"Leading Thoughts"

Leadership Formation

We are in a period of radical change; a time of unimaginable progress and wondrous innovation, of possibilities and opportunities. It is also a time inhabited by the fears, anxieties, chaos and conflict that normally accompany change. So much of what we thought we “knew for certain” is in question. We are in the grip of seismic changes; changes that are shaking up our familiar assumptions and making us question what we are doing and what impact we are having in the world. It is a period that should propel us into a period of deep reflection about the purpose, development and the practice of leadership.  

The exhilarating promises of technology and increasing globalization are converging in interesting ways - we can be connected within seconds to anyone anywhere in the world. Yet, instant communication seems to have bred instant expectation and an addiction to quick results. The consequences are an emerging culture of immediacy and impatience, a loss of privacy, and superficiality in relationships. In a time when technologies and corporations cross borders effortlessly, the most skilled and insightful, who are already positioned to thrive in the world can slip the bonds of national allegiance and, by so doing, disengage themselves from the less fortunate.  Global interdependence has provided more opportunities for collaboration and cooperation while simultaneously increasing the risks of miscommunication, conflict, systemic economic fragility and widening economic disparity. 

At a time of such extraordinary change, we are finding that many of the world’s critical issues cannot be solved by technology alone. Psychologist, Jeffery Conklin  and psychiatrist and leadership scholar, Ron Heifetz  have respectively characterized these issues as “wicked” and “adaptive” problems. The challenges leaders face are so complex that traditional approaches no longer work.

What does this mean for the canons of leadership development?

First, it means we must continue the thoughtful and thorough study of the field of leadership, support great teaching, engage in cross disciplinary research, and define and recognize best practices. But in order for the field to remain relevant in a rapidly changing world the challenge is the full integration of these. We need practice–based researchers, research-based practitioners, and competent educators who are able to creatively and skillfully combine research, theory and practice as the foundation for responsible action in the world. 

It means we need to shift our leadership work to include the development of the self of the leader. Personal development is the cornerstone of leadership development. A leader’s core identity, personal mission and vocation, and sense of place in and relationship to the world become critical to their autobiography of leadership and reveals character, calling, integrity, and authenticity. 

Leadership programs across the globe, whether in communities, corporations or universities, will need to provide programs of self examination and formation during which the whole of leaders’ lives; their beliefs and values, perceptions of themselves and others, and their understanding of a larger context and world, are equally valued content in the canons of leadership. Edwin Friedman writes about the serious impact the self of a leader can have in the world in A Failure of Nerve.
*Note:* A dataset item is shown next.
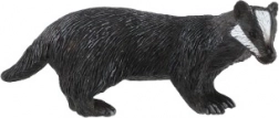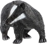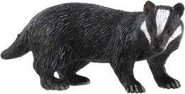 Denne figur forestiller den europæiske grævling (Meles meles) med karakteristiske hvide striber på hovedet og mørk krop. Med de realistiske detaljer hjælper den børn med let at genkende arten og udvide deres viden om skovens dyr, både i undervisning og leg.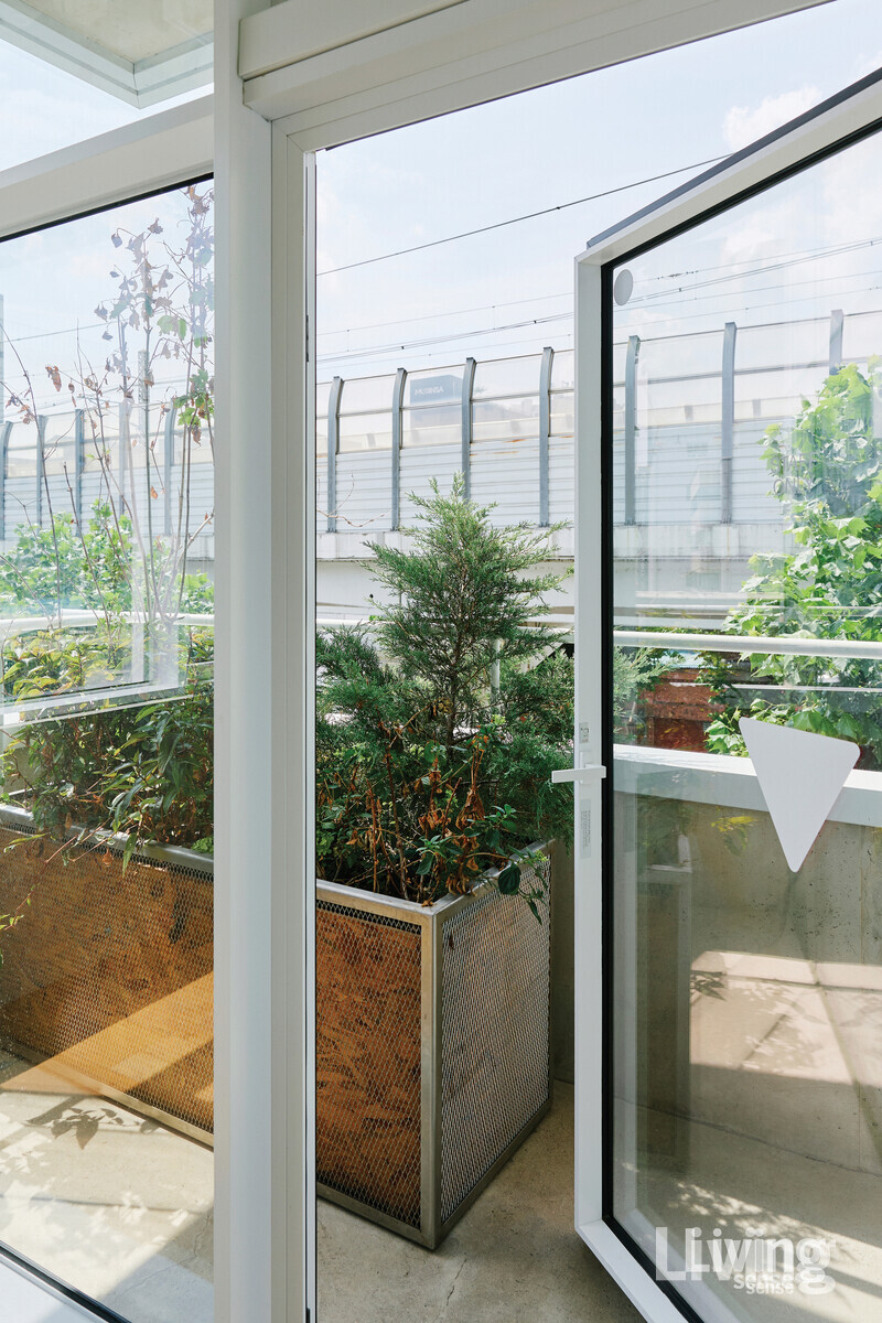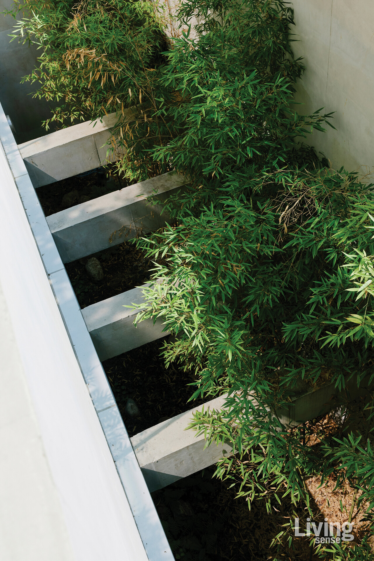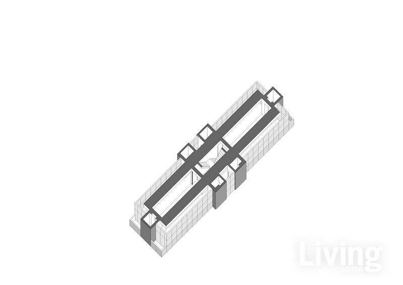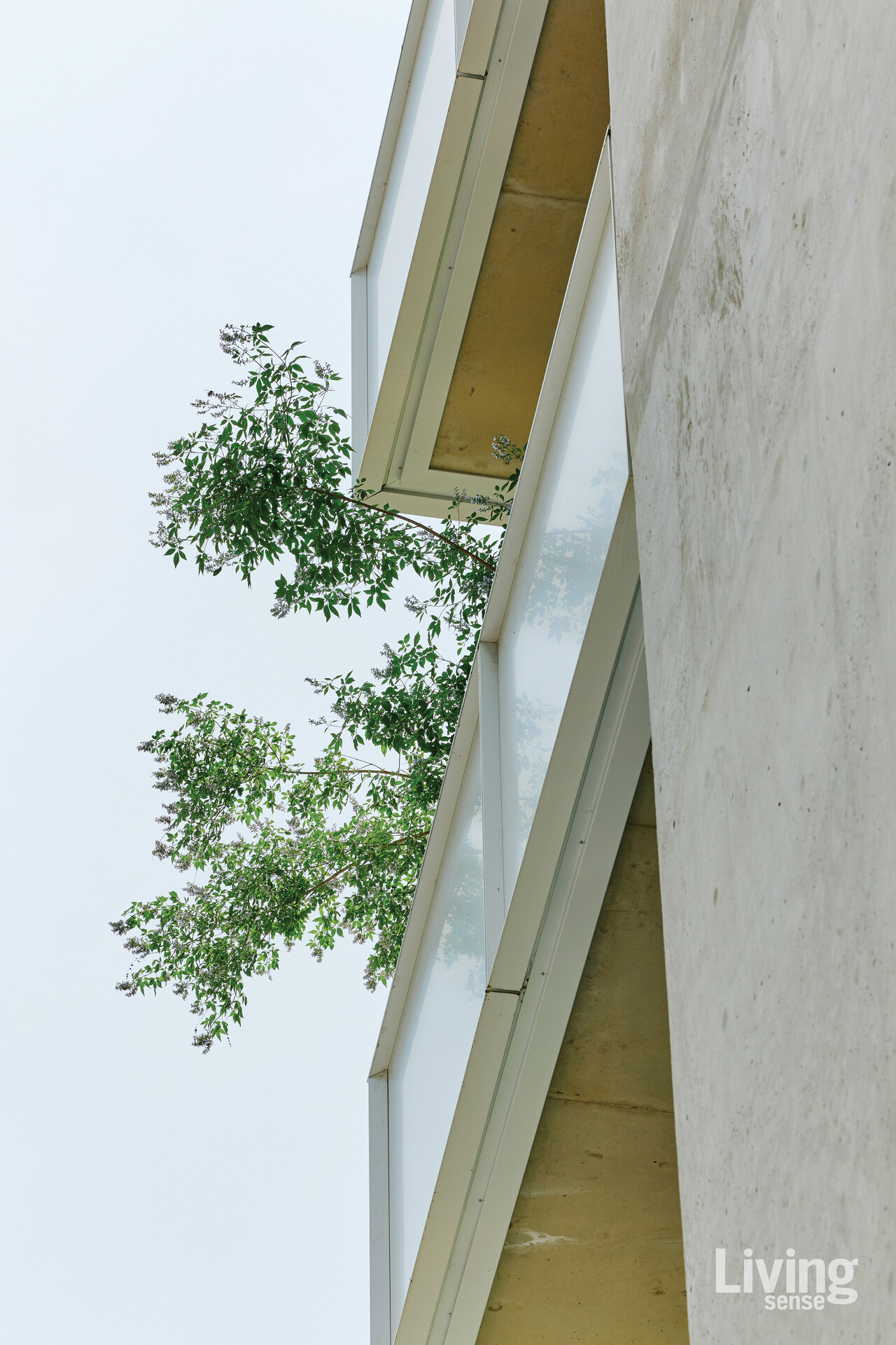 이 건물에는 기둥이 없다. 그 대신 건물 양 끝에 배치한 엘리베이터, 중앙에 둔 화장실과 계단, 설비 공간인 샤프트가 기둥 역할을 대신한다. 가로 단면으로 보면 양 끝 엘리베이터와 중앙 코어 위에 ㅁ자형 보가 얹힌 구조다. 이를 위해 콘크리트에 잡아당기는 힘을 더한 ‘포스트 텐션’ 보를 적극적으로 적용해 하중을 분산해 처짐과 균열을 최소화했다. 바닥을 이루는 보의 끝은 안전성을 위해 말아 올려 낮은 콘크리트 벽을 만들고 그 위에 유리창을 설치했다. 유리를 바닥까지 내리면 시각적으로는 깔끔하지만 끝에 섰을 때 낭떠러지 같은 불안감을 줄 수 있기 때문이다. 양 끝 엘리베이터 옆에는 일하는 중 잠시 쉬어갈 수 있는 작은 발코니를 만들었다.

He writes; “The problems confronting leadership in our society today, the failure of nerve and the desire for a quick fix, are not the result of an overly strong self, but of weak or no self.”…” On the broadest scale, the preservation of self in its leaders is a society’s greatest protection against descending into a counter-evolutionary mode. It is only the emergence of self in its leadership that can enable any society, family, institutions, or nation to evolve out of a regression.”

Leaders do have a special responsibility to tackle the most challenging global problems in an almost incomparable time in history. They share responsibility for the evolution of society and for the creation and recreation of the institutions that make life possible, and for creating and recreating the fundamental leadership practices that will form and shape the character of individuals, communities, and of societies as a whole. To assume this responsibility, those who research, teach, and practice leadership will need an integrated approach, one that values and understands self development as leadership development. This change can produce leaders capable of tackling the toughest challenges and of leading effectively in an in-between time and on behalf of “a time they will never see and for people they will never know.”  
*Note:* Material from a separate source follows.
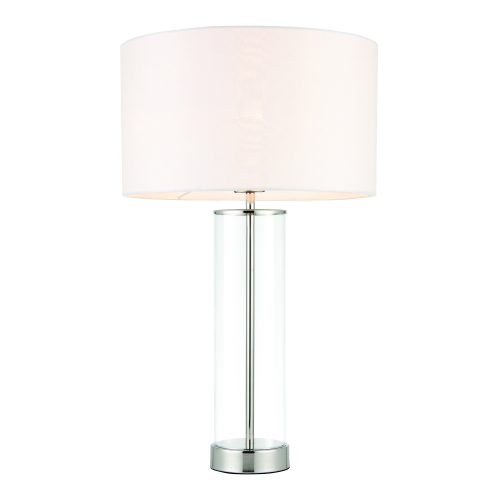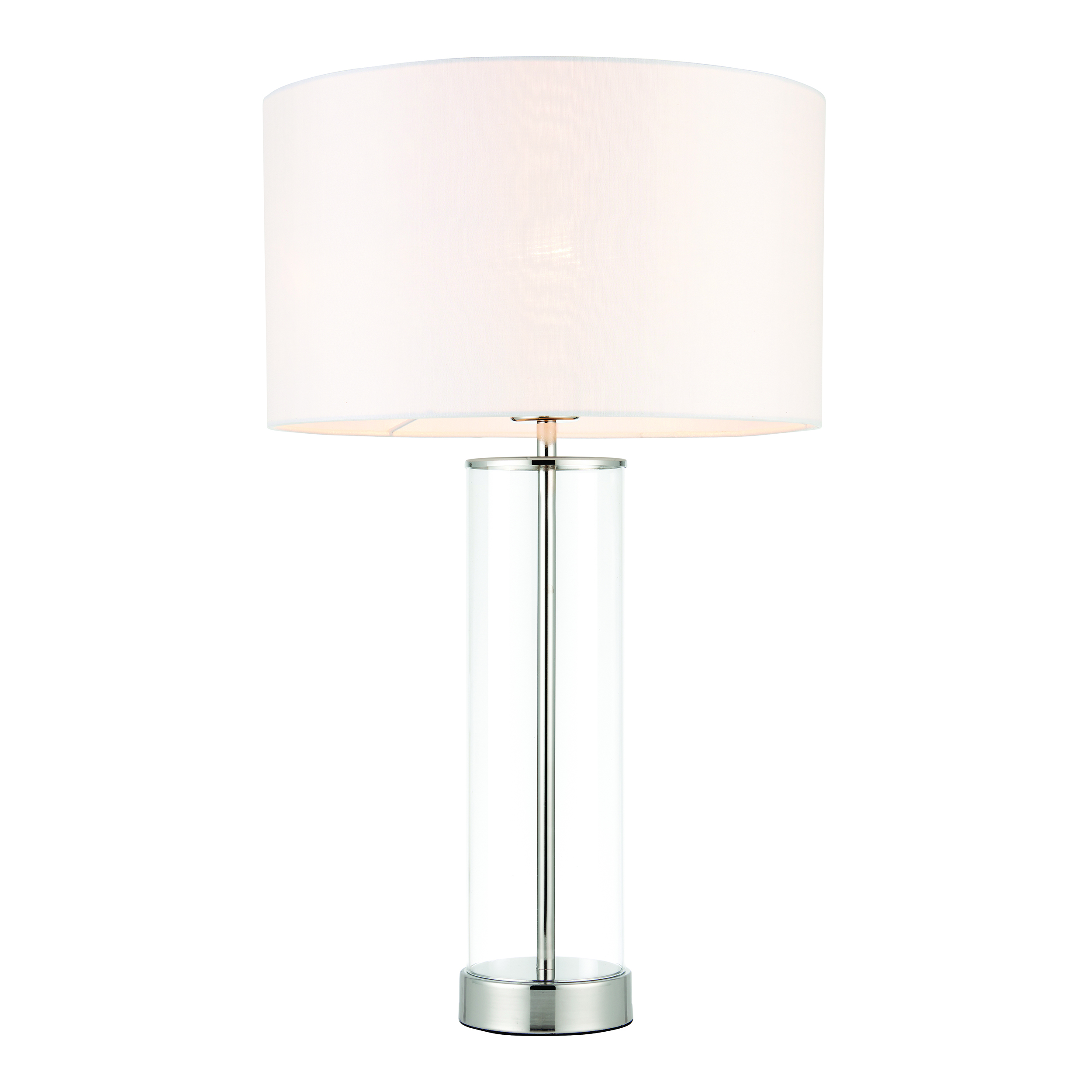 Beautifully simple table light with a clear glass base, vintage white faux silk shade and a bright nickel effect finish. Dimmable via a clever 3 stage touch dimmer

Leadership Formation, Article for ILA-NY Times


Bibliography

Robert Putnam, Bowling Alone: America’s Declining Social Capital, Journal of Democracy, Volume 6, Number 1, January 1995.
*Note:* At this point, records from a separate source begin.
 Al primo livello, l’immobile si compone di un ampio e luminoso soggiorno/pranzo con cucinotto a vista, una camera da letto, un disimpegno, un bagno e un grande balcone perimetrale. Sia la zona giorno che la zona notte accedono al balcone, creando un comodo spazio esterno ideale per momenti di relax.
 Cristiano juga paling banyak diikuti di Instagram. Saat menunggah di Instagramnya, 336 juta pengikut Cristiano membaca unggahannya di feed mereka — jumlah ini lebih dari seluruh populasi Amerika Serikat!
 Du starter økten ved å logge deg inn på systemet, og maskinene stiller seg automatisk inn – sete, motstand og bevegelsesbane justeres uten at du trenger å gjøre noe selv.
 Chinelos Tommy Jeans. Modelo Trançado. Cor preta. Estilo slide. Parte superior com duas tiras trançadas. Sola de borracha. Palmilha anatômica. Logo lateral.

Robert Reich, Secession of the Successful, New York Times, January 20, 1991.

Robert B. Reich; "The Work of Nations: Preparing Ourselves for 21st-Century Capitalism," Addison Wesley, January 20, 1991.

Warren Bennis, essay, “The Four Traits of Leadership”, 1989.

Edwin Friedman; A Failure of Nerve: Leadership in the Age of the Quick Fix, Church Publishing, New York, 2007.

Katherine Tyler Scott, Preparing Leaders and Nurturing Trustees©, 1997

Jeff Conklin, Ph.D., Wicked Problems and Social Complexity, Wiley, October 2005

Ron Heifetz, Leadership Without Easy Answers, Harvard University Press, July 22, 1998.